16F876A CCP1 Capture/Interrupt Question
Hi,
I am experimenting with using the 16F876A to measure the turn off time of a phototransistor. I have tried two ways, just to see how much difference there would be in the time. The first way is using the RB0 input to generate an interrupt, and the 2nd is using the capture feature on pin RC2/CCP1.
1st method:
1. Turn off the LED that points at the phototransistor
2. Reset the timer1 high and low bytes to zero
3. When program jumps to ISR, read value of Timer 1. Result is 204uS
2nd method:
1. Turn off the LED that points at the phototransistor
2. Reset the timer1 high and low bytes to zero
3. Poll the CCP1IF flag in a loop until it goes high, and then read the value of the CCP1 high and low byte registers. Result is 188uS, which is almost exactly the same as I measure on an oscilloscope.
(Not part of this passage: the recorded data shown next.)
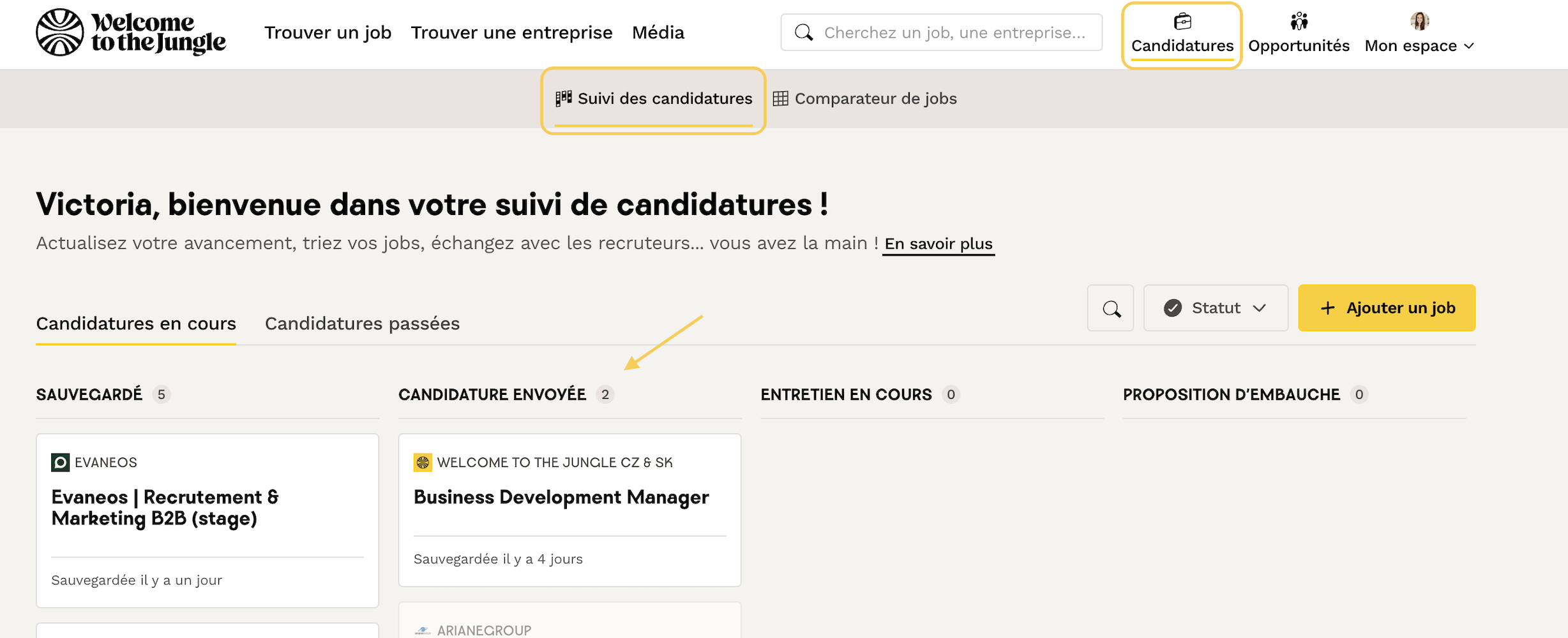 Dans le premier cas, oĂč vous avez envoyĂ© votre candidature depuis notre formulaire, vous pouvez retrouver votre candidature dans votre espace "Candidatures", puis dans lâonglet âSuivi des candidaturesâ, dans la partie "Candidature envoyĂ©e" du tableau :
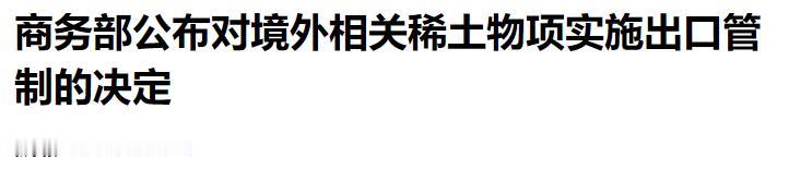 不等美国动手,中国先动手了。商务部昨天宣布,原则上不予许可向境外军事用户出口稀土金属的申请,这包括向管制管控企业,以及它们的控股子公司、分公司和分支机构的出口申请。而且还禁止出口稀土开采、分离、回收等设备和技术。 这步棋走得太精准,精准到既掐住了关键产业链的“七寸”,又守住了国家安全的底线,这两项稀土管制新规,看似是常规的贸易管理调整,实则每一项条款都戳中了问题的核心。 此次管制最鲜明的特点是实现了“物项+技术”的双重闭环管控,根据61号公告,管制范围不仅包括稀土金属本身,还创新性地纳入了“含中国原产稀土0.1%价值占比的外国制造产品”,这意味着即便是在海外加工的稀土制品,只要源头有中国成分,再出口就必须获得许可。 而62号公告则直接锁定技术命脉,从开采、冶炼分离到磁材制造的全套技术,甚至设计图纸、工艺参数这类核心资料,以及生产线的调试维护技术,都被纳入管制范畴,未经许可不得向境外转移。 这种管控力度并非空穴来风,今年初就曾查出有境外企业通过第三国转口,将中国稀土加工成磁材后用于中东某国的导弹制造,新规正是精准堵住了这类规避监管的漏洞。 对境外军事用户的针对性管控,更是切中了稀土战略价值的核心,稀土中的钐、铽、镝等中重稀土元素,是现代军工制造的“刚需品”——美军F-35战斗机的雷达和发动机依赖含镝的钕铁硼永磁材料抗高温,宙斯盾驱逐舰的相控阵雷达离不开钐钴磁体,这些关键部件的制造都绕不开中国稀土供应链。 数据显示,美国去年进口的稀土中68%来自中国,即便想从澳大利亚等国采购原材料,冶炼分离环节仍高度依赖中国技术支持,得州一家稀土企业就因缺乏中国工艺,生产线建设三年仍无法投产,此次明确对军事用途申请“原则上不予许可”,相当于直接切断了境外军事力量获取核心材料的关键渠道,这种精准打击背后,是对稀土军事应用场景的深刻洞察。 而我们有底气走出这步棋,源于在全球稀土产业中的绝对主导地位,尽管全球多国都有稀土储量,但中国不仅以4400万吨储量位居世界第一,更在产业链核心环节形成垄断——2024年稀土产量达27万吨,占全球69%,冶炼分离产能占比同样高达69%,而精加工产能更是超过90%。 从永磁材料来看,2025年全球烧结钕铁硼产量预计29.67万吨,中国就占27.18万吨,这种产能优势短期内难以替代,弗若斯特沙利文的预测显示,海外新矿在未来2-3年内很难形成有效供应;技术层面的优势更明显,从稀土矿加工到高性能磁材制造的全流程技术,中国已形成完整体系,这也是62号公告能实现技术管控的核心支撑。 更显智慧的是,此次管制并非“一刀切”的封闭政策,而是充满弹性的精准调控,公告明确将已进入公共领域的技术、基础科学研究成果排除在管制之外,普通商业用途只要合规就能申请许可,人道主义救援所需物项更是直接豁免。 对于半导体、人工智能等具有潜在军事用途的领域,也采用“逐案审批”模式,既防范了技术滥用风险,又保留了正常产业合作的空间,这种分寸感体现了政策制定的成熟度,同时建立的合规告知机制,要求出口经营者向上下游传递管控信息,形成了全供应链的协同监管网络。 从长远看,这一政策既是对国家安全的主动捍卫,也是对稀土产业价值的重新定义,过去稀土因“贱卖”引发关注,如今通过管制将资源优势转化为战略主动权,倒逼全球产业链正视中国在稀土领域的核心地位。 这绝非简单的“贸易反制”,而是中国在全球供应链重构中的战略选择,通过清晰的规则界定和精准的管控措施,既遏制了稀土向军事敏感领域的非法流动,又维护了正常的产业秩序,更向世界传递了中国维护国家安全的坚定立场,堪称资源安全与产业发展协同推进的典范!
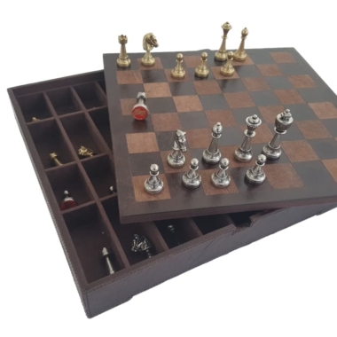 Juego de Ajedrez Staunton en Metal y Tablero de Ajedrez en Cuero Verdadero con Compartimento de Almacenamiento
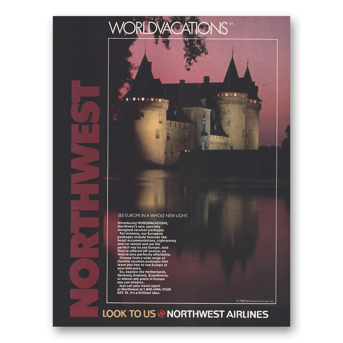 1988 Northwest Airlines Print Ad | See Europe
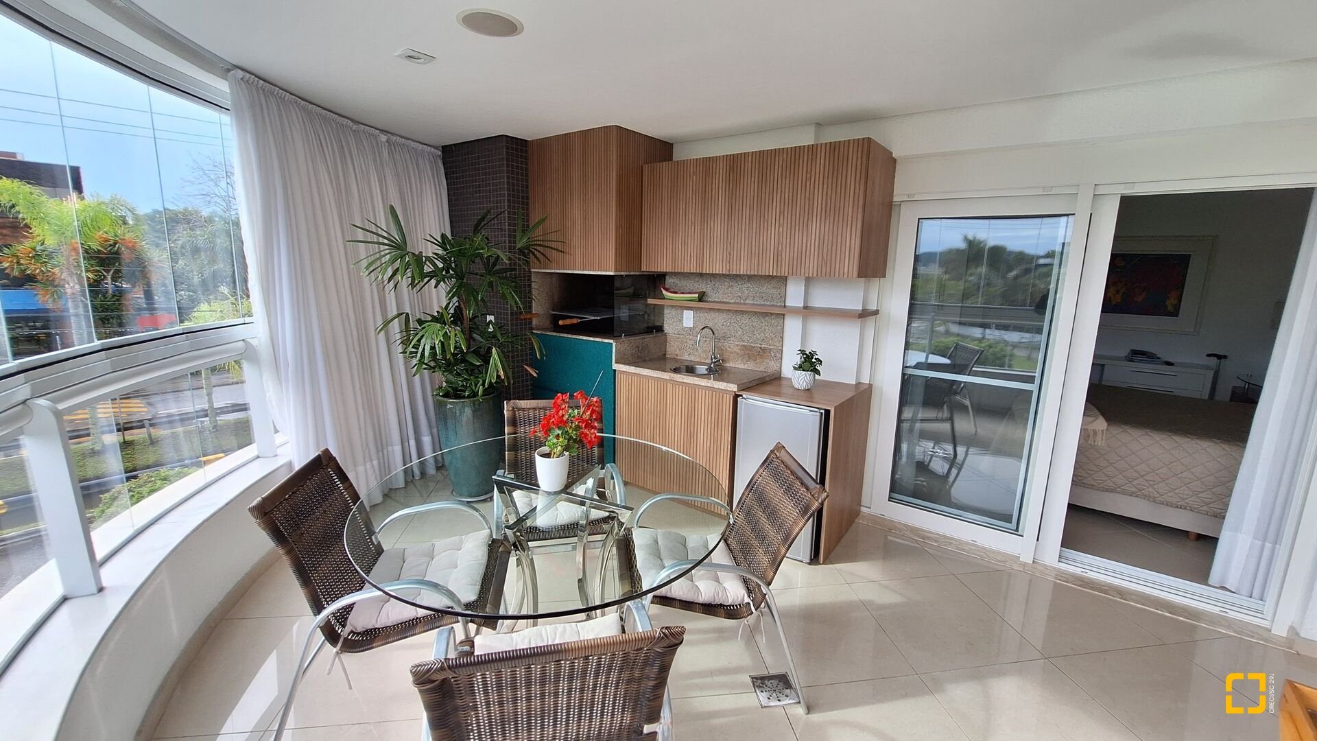 Varanda gourmet frontal de 14m², com vista livre para uma área residencial com muito verde

With 2nd method, I had expected to do it the same way as the first... I thought program would jump to ISR when pin RC2 went high, but it did not work. So my question is, why doesn't the program jump to the Interrupt handler when the CCP1IF flag gets set? If it did then I would not need to poll the pin in a loop. Would I be doing something wrong or is that how it is supposed to work? Thanks for any answers.
Oscilloscope is a better way
If an event is slow, say many milliseconds, then software measurements such as you are trying can give reasonable results. However I would expect the turnon or turnoff time of a phototransistor with say a 4k7 load resistor to be only a few tens of microseconds. This is way too fast to easily measure in software IMHO. Unless you get deep into the assembly code produced by PBP and your assembler (PM or MPASM) you will not know how many machine code instructions lie between the event and the display of that event. That makes such a measurement in code a rather hit or miss affair.
There are no published timings for PBP commands because many of them are variable. For example the instruction "If A > B then" takes different times for a byte compare vs a word compare.
If at all possible, use an independent hardware device, an oscilloscope or logic analyser, to get believable and repeatable measurements.